◆ Extracted information
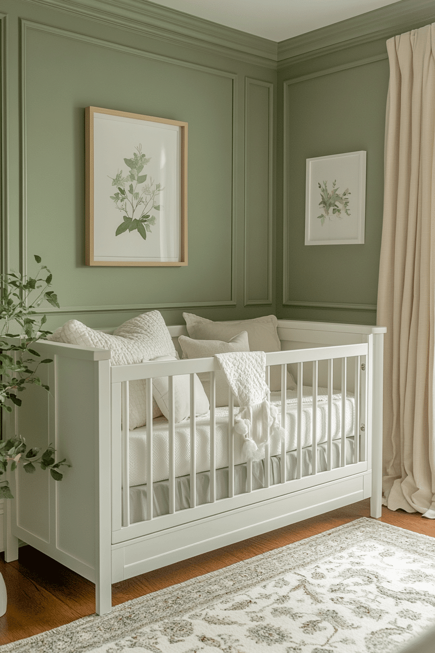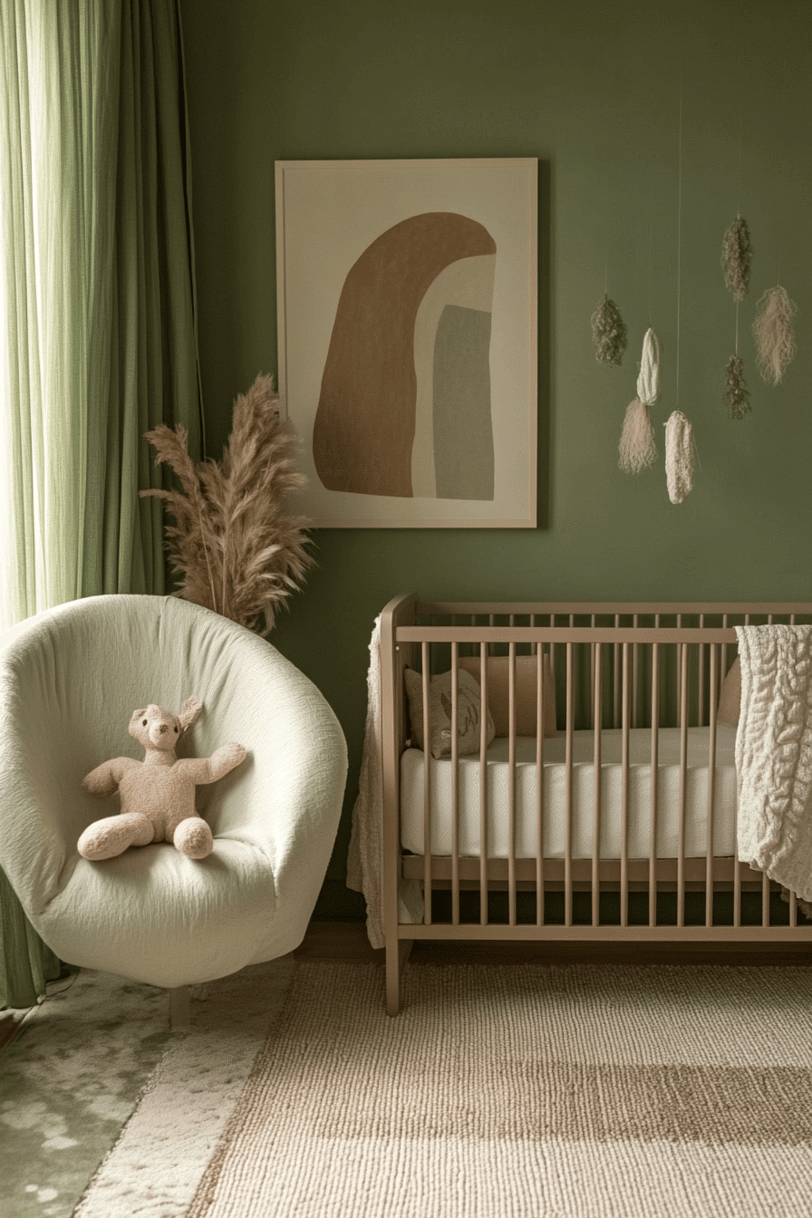 This sage green nursery introduces elegance through silky textures and smooth finishes. A velvety chair and soft drapes add quiet luxury. Matte sage walls reflect light softly throughout the room. White furniture keeps the look fresh and balanced. The design feels refined without excess.
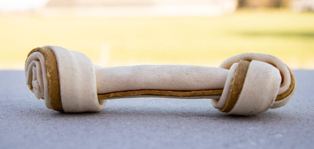 Dit kauwbot met 2 knopen is gemaakt van wit buffelhuid.
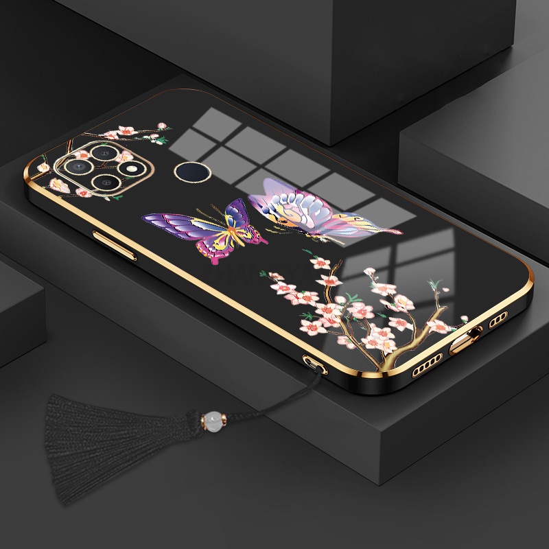 Ốp lưng oppo a15 a15s Ốp Điện Thoại Silicon Họa Tiết Bươm Bướm Kèm Dây Đeo Cho oppo a15 a15s
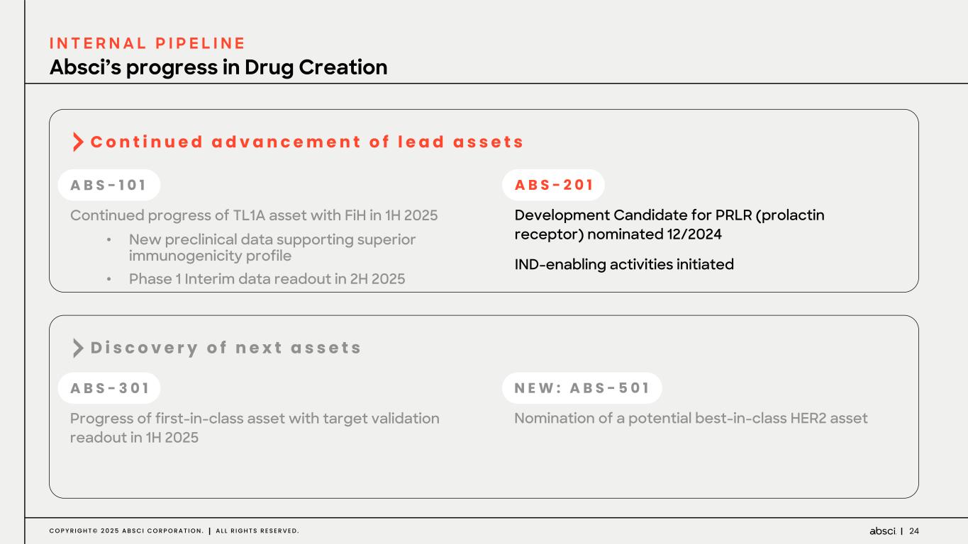23C O P Y R I G H T © 2 0 2 5 A B S C I C O R P O R A T I O N . A L L R I G H T S R E S E R V E D . Continued progress with FiH expected in 2025 A B S - 1 0 1 T L 1 A AI-designed Development Candidate ü High affinity ü High potency ü Long half-life ü Favorable manufacturability 1 Q 2 0 2 4 I N I T I A T E D F E B 2 0 2 4 1 H 2 0 2 5 IND-enabling studies to evaluate: ü GMP manufacture of sub-Q formulation at high concentration ü Favorable PK and long half-life ü High Bioavailability in NHPs • Low ADA ü 13-week GLP tox: No treatment- related adverse findings during in-life phase and necropsy observed. Histopathology pending Phase 1 double-blind, placebo-controlled trial initiation Phase 1 interim data readout 2 H 2 0 2 5
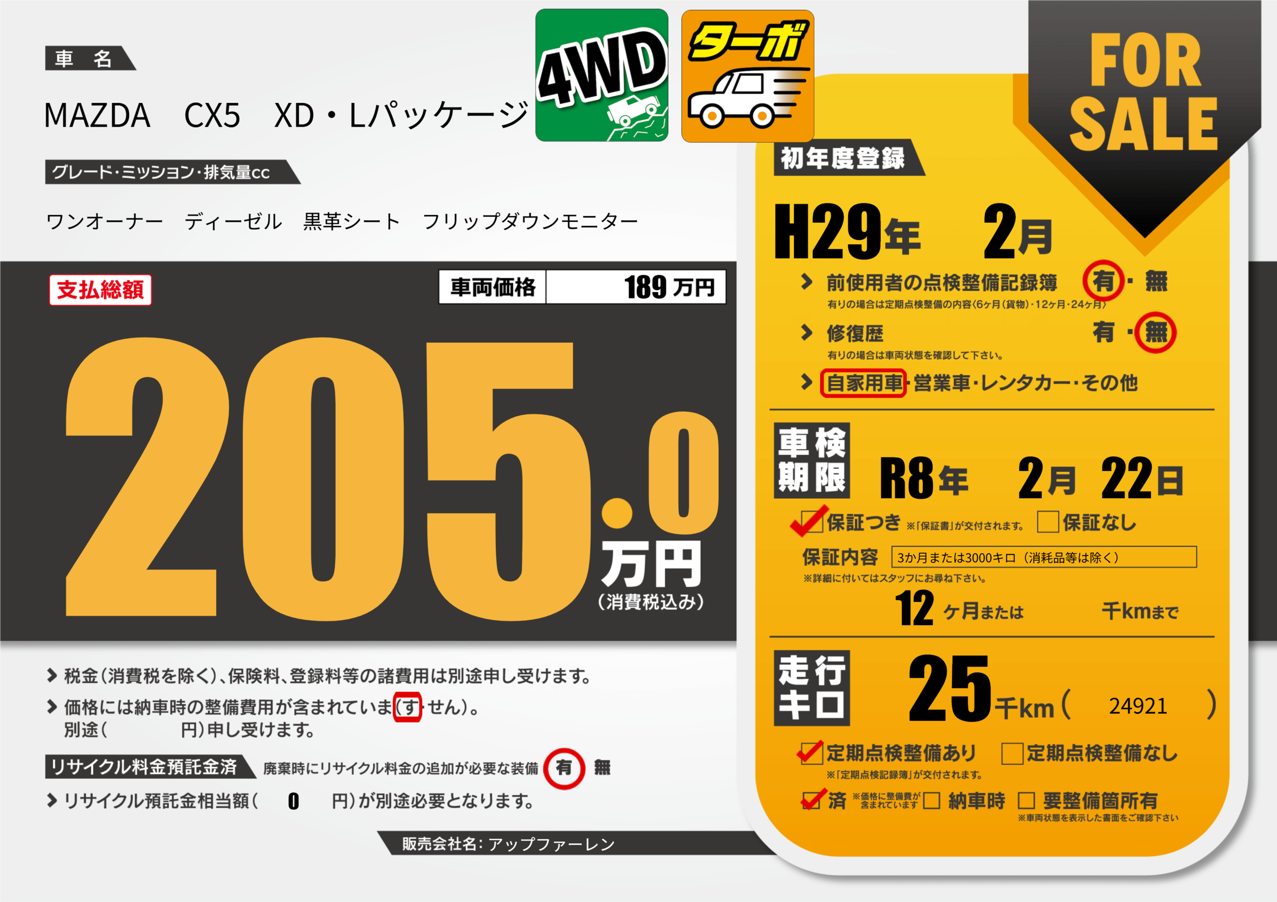 | 車名 | MAZDA CX5 XD・Lパッケージ | グレード ミッション 排気量 |
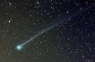 C/2025 F2 (SWAN) is a comet that was discovered from images taken by SOHO's SWAN instrument in late March 2025. The comet was expected to reach a peak magnitude of about 5 in early May 2025,[5] however its brightening stagnated in mid April, indicating the comet possibly disintegrated before reaching perihelion.[6]
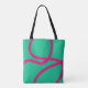 Abstract tote bag featuring bright pink lines on a bold green background. Eye-catching and colorful, ideal for creative personalities who love unique accessories.
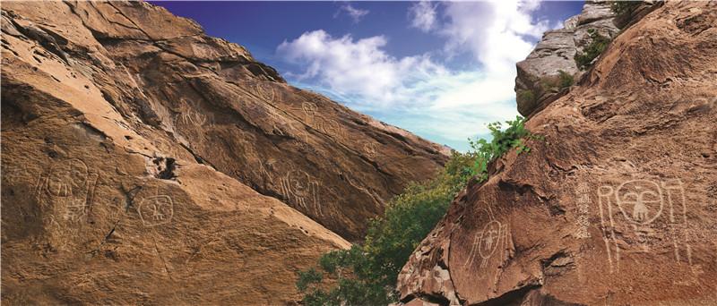 寧夏巖畫以賀蘭山巖畫為代表,鑿刻年代從石器時代到歷史發(fā)展的各個階段,延續(xù)時間長,體現(xiàn)了古人與石的對話,被譽為“史前人類的藝術(shù)長廊”“刻在石頭上的史詩”。寧夏巖畫為中國北方巖畫的代表,約有4萬余幅,廣泛分布于賀蘭山東麓和衛(wèi)寧北山、香山、青銅峽牛首山,記錄了遠(yuǎn)古先民狩獵、耕作、放牧、祭祀、圖騰等生產(chǎn)生活場景。北魏地理學(xué)家酈道元對賀蘭山巖畫描述“石之上自然有紋,盡若虎馬之狀,粲然成著,類似圖焉,故亦謂之畫石山也。”寧夏巖畫是多彩的畫,是無聲的歌,是無韻的詩,是形象的史,承載著古代賀蘭山區(qū)多民族交往交流交融的集體記憶,是各民族從“各美其美、美美與共”到“多元一體、休戚與共”的中華民族共同體意識的原始物證?,F(xiàn)為國家4A級旅游景區(qū)。

◆ Problem description
For the entries above, print exactly the lines between the one with "Ốp lưng oppo" and the one with "ミッション 排気量 |", inclusive, with no pictures.

◆ Reply
 Ốp lưng oppo a15 a15s Ốp Điện Thoại Silicon Họa Tiết Bươm Bướm Kèm Dây Đeo Cho oppo a15 a15s
23C O P Y R I G H T © 2 0 2 5 A B S C I C O R P O R A T I O N . A L L R I G H T S R E S E R V E D . Continued progress with FiH expected in 2025 A B S - 1 0 1 T L 1 A AI-designed Development Candidate ü High affinity ü High potency ü Long half-life ü Favorable manufacturability 1 Q 2 0 2 4 I N I T I A T E D F E B 2 0 2 4 1 H 2 0 2 5 IND-enabling studies to evaluate: ü GMP manufacture of sub-Q formulation at high concentration ü Favorable PK and long half-life ü High Bioavailability in NHPs • Low ADA ü 13-week GLP tox: No treatment- related adverse findings during in-life phase and necropsy observed. Histopathology pending Phase 1 double-blind, placebo-controlled trial initiation Phase 1 interim data readout 2 H 2 0 2 5
 | 車名 | MAZDA CX5 XD・Lパッケージ | グレード ミッション 排気量 |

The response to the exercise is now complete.